Three skills for developing, validating, and improving Claude Code skills through blind experimentation.
| Skill | Purpose |
|---|---|
blind-skill-assessment |
Fair A/B comparison with randomized labels and multi-persona judging |
experiment-set-design |
Design task sets with baselines and phase progression |
iterative-skill-refinement |
The improvement loop with anti-overfitting and output sanitization |
experiment-set-design — what to test, how to progress phases
├── blind-skill-assessment — how to fairly judge results
└── iterative-skill-refinement — the improvement loop (uses both above)
Each skill is independently useful. The refinement skill references the other two.
All three skills were developed using TDD for skills (RED-GREEN-REFACTOR):
| Skill | Baseline Gaps Found | GREEN Test |
|---|---|---|
| blind-skill-assessment | No randomization, single perspective, holistic verdicts, no rubric, no confidence | 5/5 process steps followed |
| experiment-set-design | No baseline principle, no anti-overfitting, no phase progression, no assessment variation | All 6 gaps addressed |
| iterative-skill-refinement | No structured loop, no re-experimentation, no overfitting warning, no convergence | Full 7-step loop followed |
Integration test: all three skills compose correctly on a novel scenario (defensive-error-handling skill improvement).

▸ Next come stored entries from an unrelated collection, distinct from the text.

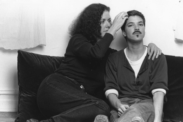 The photograph of Ross and her mother in bed was taken in Ross’s parents’ Miami Beach home in the early 1990s. The whole house was apparently mirrored—very ’80s Miami. At that time in New York, where Ross still lives, the drag king scene was just starting to come up in a real way [1]. Ross, an out lesbian entrenched in the queer community, had started to play with images of herself in different gender presentations, in her photography, outside of the nightlife realm in which this gender play was deemed acceptable. She employed the very controlled space within her photographs to explore the fantasy of crossing very off-limits boundaries.
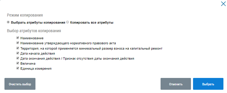 Установите флажки напротив необходимых атрибутов и нажмите на кнопку Выбрать.
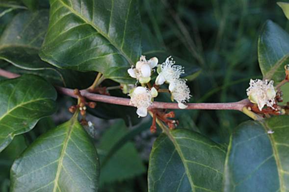 Características: Arvore de 3 a 5 metros quando cultivada, podendo chegar a 20 m de altura na mata em estado nativo. A copa é globosa ou na forma de taça (arvores maduras) com galhos e ramos na forma de V, bifurcados, com tronco cilíndrico e casca fina mais áspera de cor castanho claro e acinzentado, medindo de 10 a 35 cm de diâmetro. As folhas são inteiras, brilhantes, opostas e glabras (sem pelos) com cerca de 5 a 15 cm de comprimento por 4 a 9 cm de largura. Essa espécie pode ser facilmente identificada por se observar as nervuras segundarias que são bem largas e amareladas na face superior da folha. As flores surgem em fascículos (buques) nas axilas das folhas com 3 a 15 flores cíclicas (distribuídos em vários ciclos), diclamídeas (com dois envoltórios) e medem 2,5 cm de diâmetro e tem cor das pétalas brancas. Os frutos são arredondados ou achatados nos polos cobertos de pelinhos velutinos quando verdes, tronando-se glabros (sem pelos) ao amadurecer, estes medem 1,5 a 3 cm de comprimento por 2 a 2,6 cm de diâmetro e no ápice são coroados pelas sépalas dobradas persistentes. As sementes são de cor creme esbranquiçadas e irregulares, medindo 8 a 15 mm de diâmetro.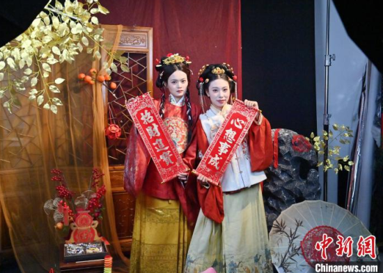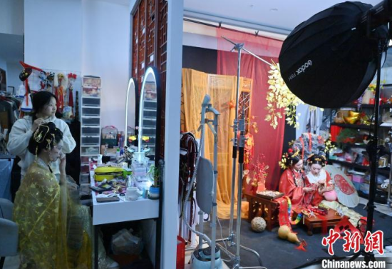 1月6日,吉林長(zhǎng)春,市民在拍攝漢服寫真。店家介紹,農(nóng)歷蛇年春節(jié)將至,漢服寫真成了顧客新需求,店家特推出百梅迎春、金蛇賀歲、招財(cái)進(jìn)寶等主題,深受市民喜愛(ài)。中新社記者 張瑤 攝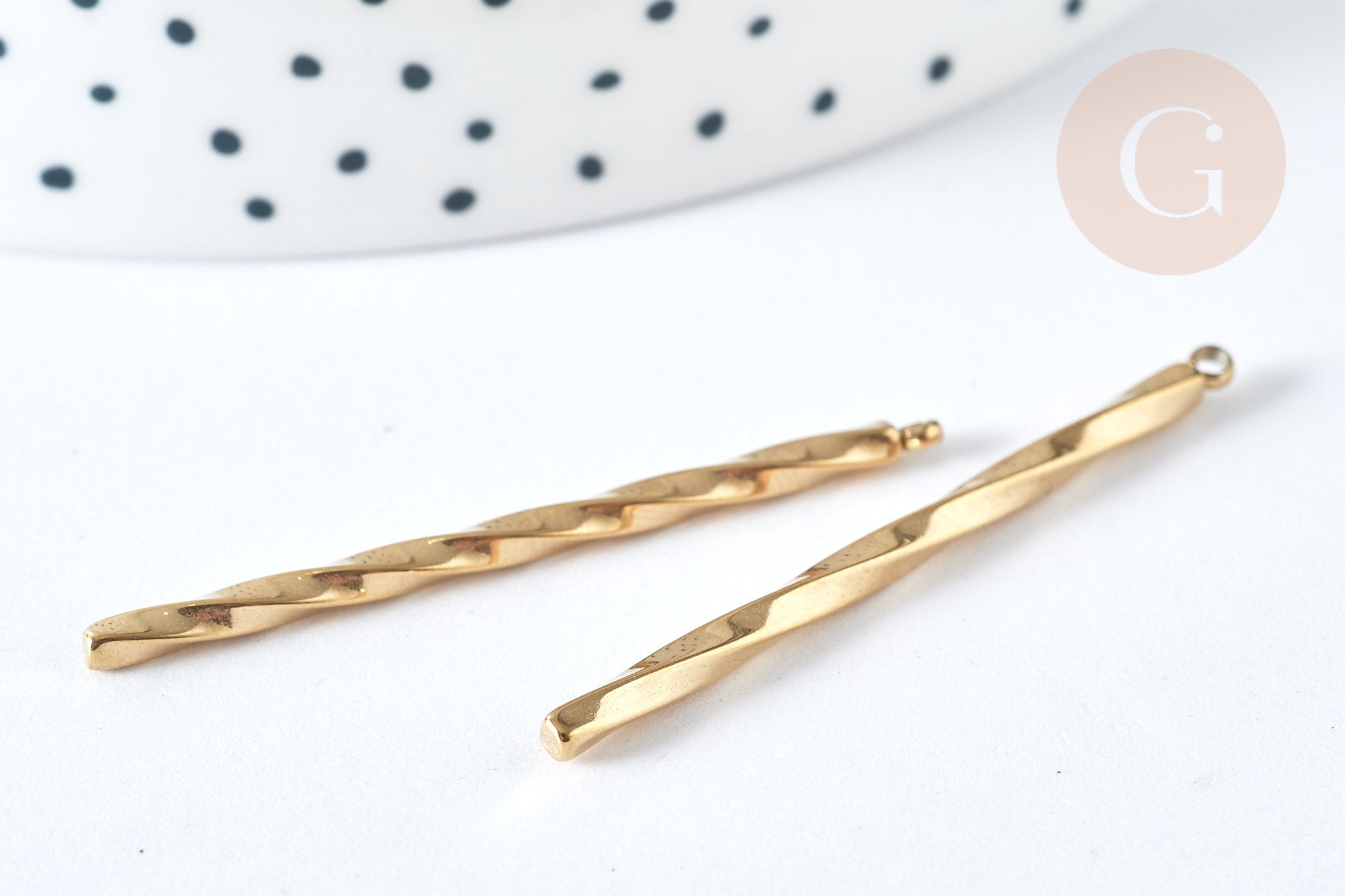 Colgante de barra retorcida vertical de acero inoxidable 304 dorado de 44 mm, suministro de oro, x1 G7507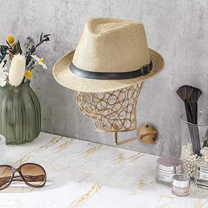 Wall Mount Hat Stand Metal Hollow Mannequin Head Stand Hanging Wig Holder 21Inch Wig Drying Holder Wig Storage Organizer Rack Hat Display Stand for Hats, Wigs, Caps, Earrings, Shine Gold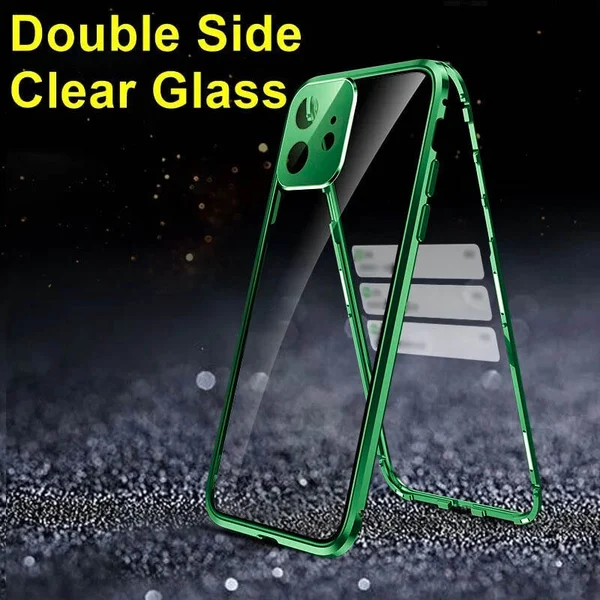 Transparent Tempered Glass Cover (Front & Back) + Metal Bumper: Shows the original phone design that preserves the phone natural appearance.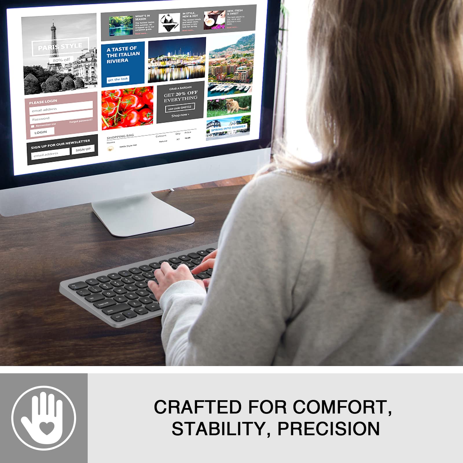 • Perfecto con un ordenador o portátil: nuestro teclado de ordenador de tamaño completo tiene 110 teclas, 17 teclas de acceso rápido y un teclado digital que coincide perfectamente con su ordenador y se ve de moda en su escritorio, haciéndole más eficiente.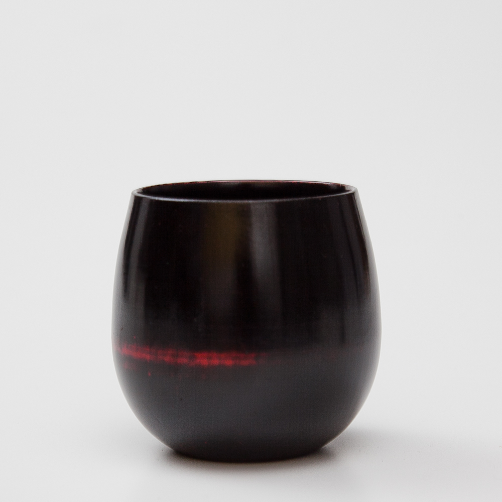 木製の器に漆塗りの軽くて割れない湯飲みはいかがでしょうか。黒地に赤の差し色が和モダンでお洒落だと思うのでおすすめします。

The methodology was applied to its own skills — using the three skills to improve themselves. This produced 6 structural edits across 2 skills:
| Edit | Triggered By |
|---|---|
| "When to Abandon" exit ramp | Bias audit: no path for concluding a skill is counterproductive |
| Same-actor blinding mitigation | Bias audit: improvement loop makes true blinding impossible |
| Blinded labels in examples | Bias audit: examples used origin labels, violating anti-bias rules |
| Failure counter-example | Bias audit: only success narratives trained toward confirmation bias |
| SANITIZE step in improvement loop | Pilot experiments: methodology output format leaked blinding info |
| Phase 3 baseline-wins exit path | Bias audit: "Skill must win" assumed outcome |
Validation: 4 blind experiments (2 pilots × 2 weaknesses) comparing methodology-guided improvement vs unguided improvement. Methodology won 4/4 on aggregate. Per-persona pattern: process rigor 16-0 methodology, output quality 4-2-6 near-tie, efficiency 1-11 baseline. See tests/self-application/ for full results.
cp -r skills/ your-project/.claude/skills/
# or
cp -r skills/ ~/.claude/skills/Extracted from the HDD skill project methodology (35 experiments, 5/5 blind review wins).